Saved data entries
·····
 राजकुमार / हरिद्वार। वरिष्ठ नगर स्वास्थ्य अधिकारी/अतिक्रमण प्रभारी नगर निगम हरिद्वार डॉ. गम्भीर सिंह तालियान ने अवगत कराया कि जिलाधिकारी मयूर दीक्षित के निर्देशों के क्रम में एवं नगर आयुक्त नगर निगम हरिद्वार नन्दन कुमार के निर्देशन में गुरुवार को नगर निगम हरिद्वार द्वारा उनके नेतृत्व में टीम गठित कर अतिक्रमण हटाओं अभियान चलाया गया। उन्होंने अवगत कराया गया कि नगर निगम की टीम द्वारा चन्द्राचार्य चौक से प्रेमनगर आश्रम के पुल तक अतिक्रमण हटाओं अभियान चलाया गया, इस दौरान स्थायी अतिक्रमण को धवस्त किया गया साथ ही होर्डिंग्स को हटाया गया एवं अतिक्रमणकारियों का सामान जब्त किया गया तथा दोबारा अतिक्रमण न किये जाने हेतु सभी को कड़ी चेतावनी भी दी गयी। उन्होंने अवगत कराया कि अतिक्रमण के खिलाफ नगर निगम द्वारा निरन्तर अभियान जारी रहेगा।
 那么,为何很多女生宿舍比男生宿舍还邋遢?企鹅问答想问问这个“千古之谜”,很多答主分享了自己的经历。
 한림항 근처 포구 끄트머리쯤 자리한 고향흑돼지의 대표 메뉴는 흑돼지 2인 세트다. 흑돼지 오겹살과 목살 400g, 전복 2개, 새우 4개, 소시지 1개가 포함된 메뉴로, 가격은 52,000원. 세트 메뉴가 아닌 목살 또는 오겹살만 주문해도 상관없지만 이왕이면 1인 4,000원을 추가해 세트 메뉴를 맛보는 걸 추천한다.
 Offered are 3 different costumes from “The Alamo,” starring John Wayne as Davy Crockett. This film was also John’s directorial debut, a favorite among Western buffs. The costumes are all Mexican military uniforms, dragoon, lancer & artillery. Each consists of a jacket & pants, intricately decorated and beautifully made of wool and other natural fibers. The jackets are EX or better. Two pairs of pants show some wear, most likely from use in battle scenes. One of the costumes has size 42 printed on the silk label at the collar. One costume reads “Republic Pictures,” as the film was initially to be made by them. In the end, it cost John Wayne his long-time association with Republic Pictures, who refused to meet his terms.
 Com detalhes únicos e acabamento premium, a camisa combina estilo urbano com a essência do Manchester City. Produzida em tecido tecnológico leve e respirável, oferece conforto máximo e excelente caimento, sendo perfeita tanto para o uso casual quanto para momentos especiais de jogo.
·····
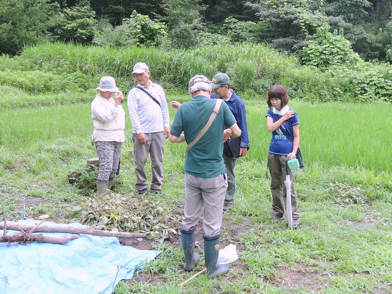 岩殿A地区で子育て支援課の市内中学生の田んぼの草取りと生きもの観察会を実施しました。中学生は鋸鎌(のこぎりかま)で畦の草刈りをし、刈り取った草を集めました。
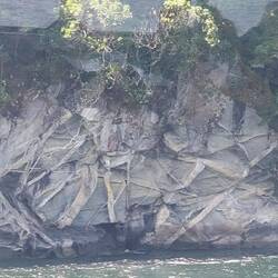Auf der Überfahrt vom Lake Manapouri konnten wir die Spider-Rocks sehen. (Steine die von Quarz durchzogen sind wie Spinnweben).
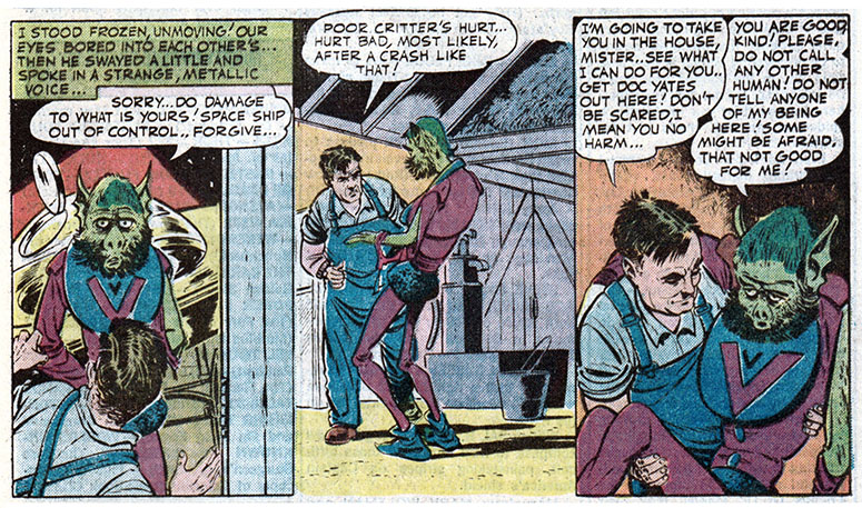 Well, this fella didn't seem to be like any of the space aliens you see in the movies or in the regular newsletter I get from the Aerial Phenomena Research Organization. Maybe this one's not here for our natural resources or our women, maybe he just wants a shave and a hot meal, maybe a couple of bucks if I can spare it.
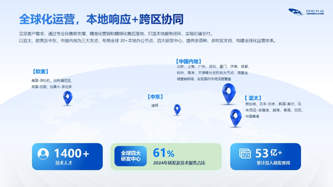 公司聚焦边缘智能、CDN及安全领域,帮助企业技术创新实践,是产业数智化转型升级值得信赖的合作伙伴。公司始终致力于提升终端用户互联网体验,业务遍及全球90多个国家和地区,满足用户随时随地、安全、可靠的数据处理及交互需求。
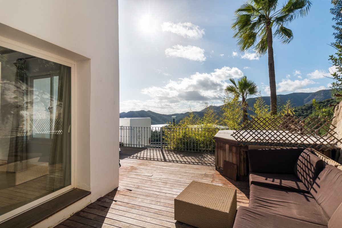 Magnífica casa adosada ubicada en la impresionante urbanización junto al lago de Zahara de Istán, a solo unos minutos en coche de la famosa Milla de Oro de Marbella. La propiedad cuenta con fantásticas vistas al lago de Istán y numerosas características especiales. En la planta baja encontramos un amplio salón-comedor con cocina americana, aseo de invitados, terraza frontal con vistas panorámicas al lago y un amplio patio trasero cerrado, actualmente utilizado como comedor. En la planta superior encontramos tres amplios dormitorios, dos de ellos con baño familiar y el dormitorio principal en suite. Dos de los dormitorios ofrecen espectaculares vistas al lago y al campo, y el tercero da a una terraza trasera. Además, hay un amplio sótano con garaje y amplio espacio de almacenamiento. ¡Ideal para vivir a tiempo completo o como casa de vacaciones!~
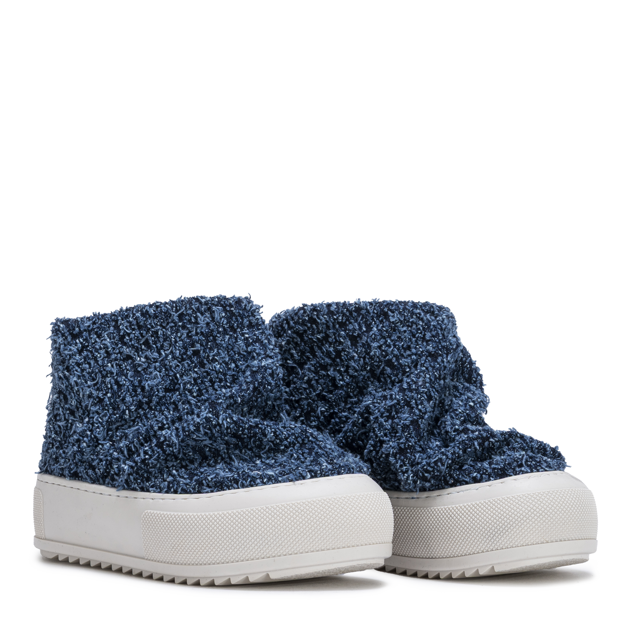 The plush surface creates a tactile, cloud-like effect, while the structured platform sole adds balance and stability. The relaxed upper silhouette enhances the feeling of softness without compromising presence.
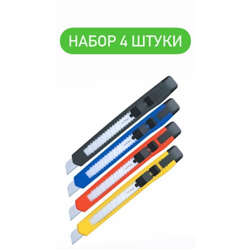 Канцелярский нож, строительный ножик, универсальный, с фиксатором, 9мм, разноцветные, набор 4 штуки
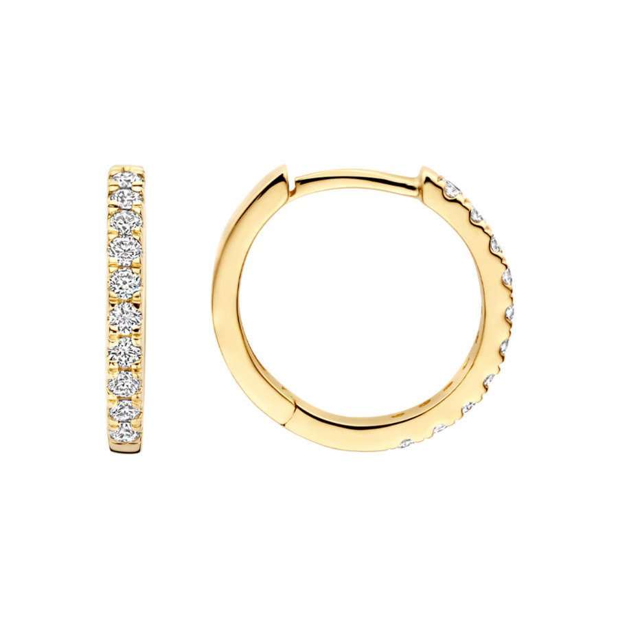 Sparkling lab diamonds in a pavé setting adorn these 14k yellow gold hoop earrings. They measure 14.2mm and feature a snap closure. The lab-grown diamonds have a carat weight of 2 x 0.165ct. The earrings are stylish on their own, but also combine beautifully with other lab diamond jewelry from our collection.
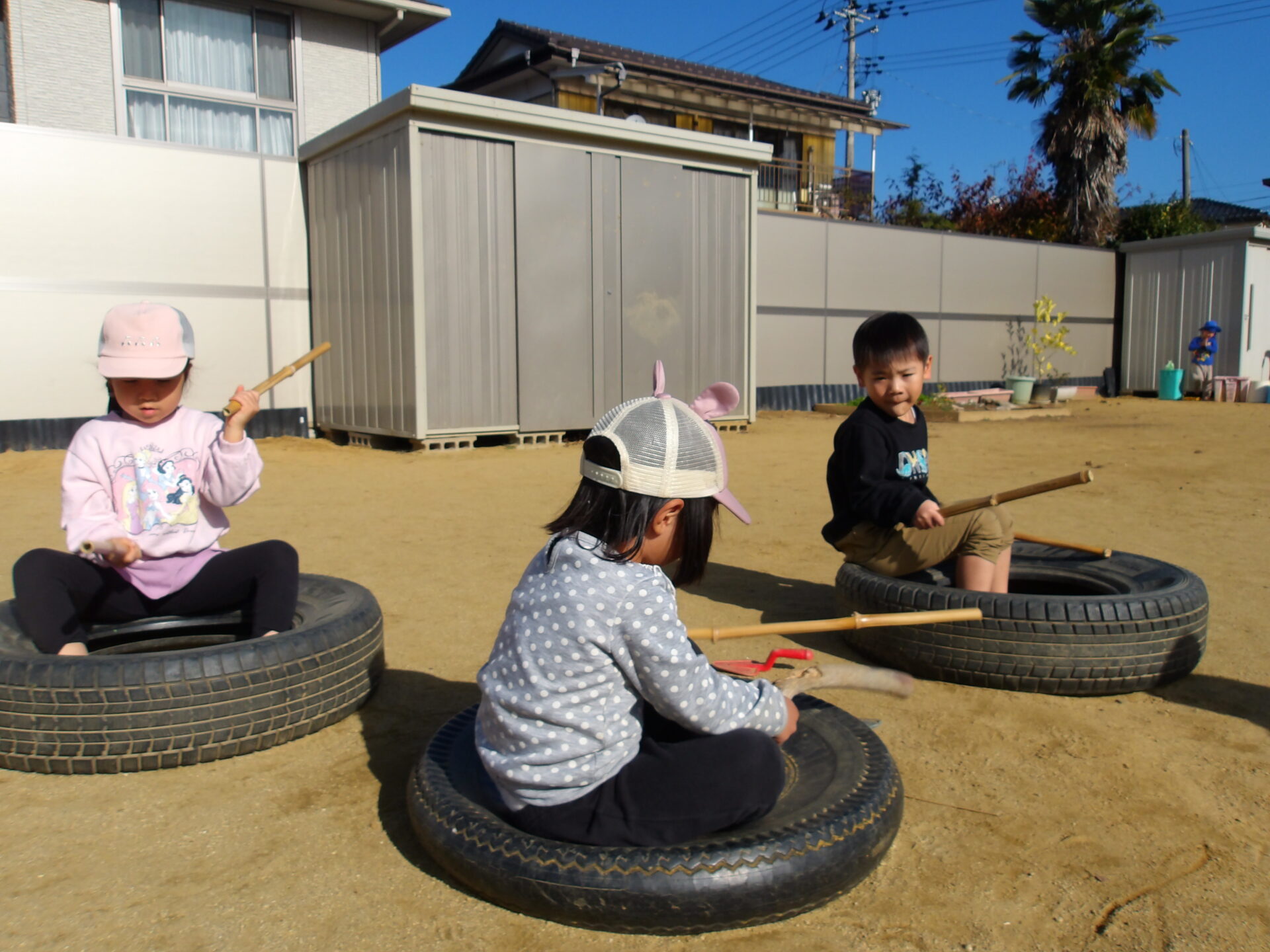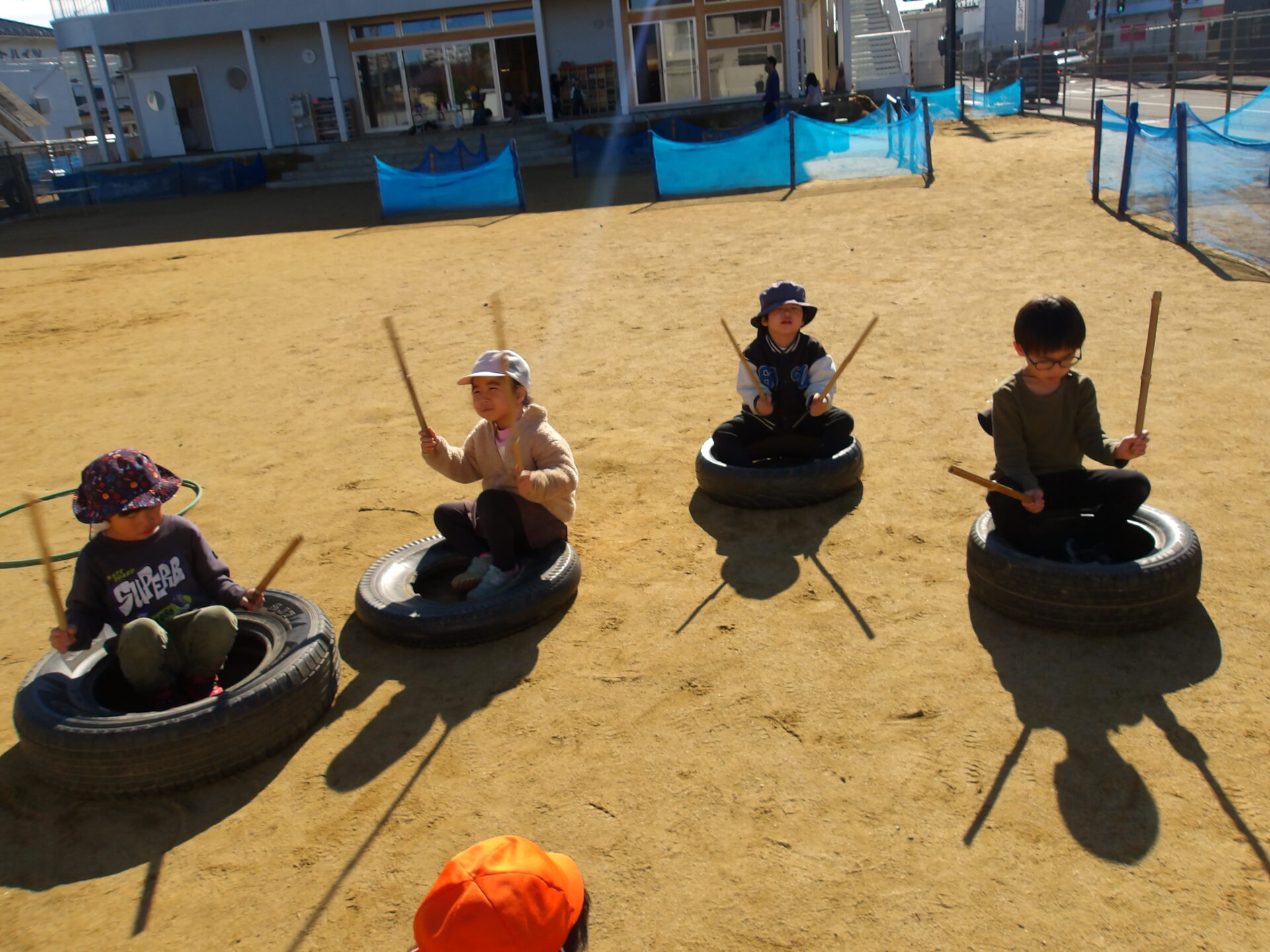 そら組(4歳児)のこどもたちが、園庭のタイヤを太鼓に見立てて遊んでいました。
·····
The task – Go back to the lines above and output, exactly as they stand, the ones from the line containing "The plush surface" to the line containing "そら組(4歳児)のこどもたちが、園庭のタイヤを太鼓に見立てて遊んでいました。". Leave all pictures behind.

Task solution –
 The plush surface creates a tactile, cloud-like effect, while the structured platform sole adds balance and stability. The relaxed upper silhouette enhances the feeling of softness without compromising presence.
 Канцелярский нож, строительный ножик, универсальный, с фиксатором, 9мм, разноцветные, набор 4 штуки
 Sparkling lab diamonds in a pavé setting adorn these 14k yellow gold hoop earrings. They measure 14.2mm and feature a snap closure. The lab-grown diamonds have a carat weight of 2 x 0.165ct. The earrings are stylish on their own, but also combine beautifully with other lab diamond jewelry from our collection.
 そら組(4歳児)のこどもたちが、園庭のタイヤを太鼓に見立てて遊んでいました。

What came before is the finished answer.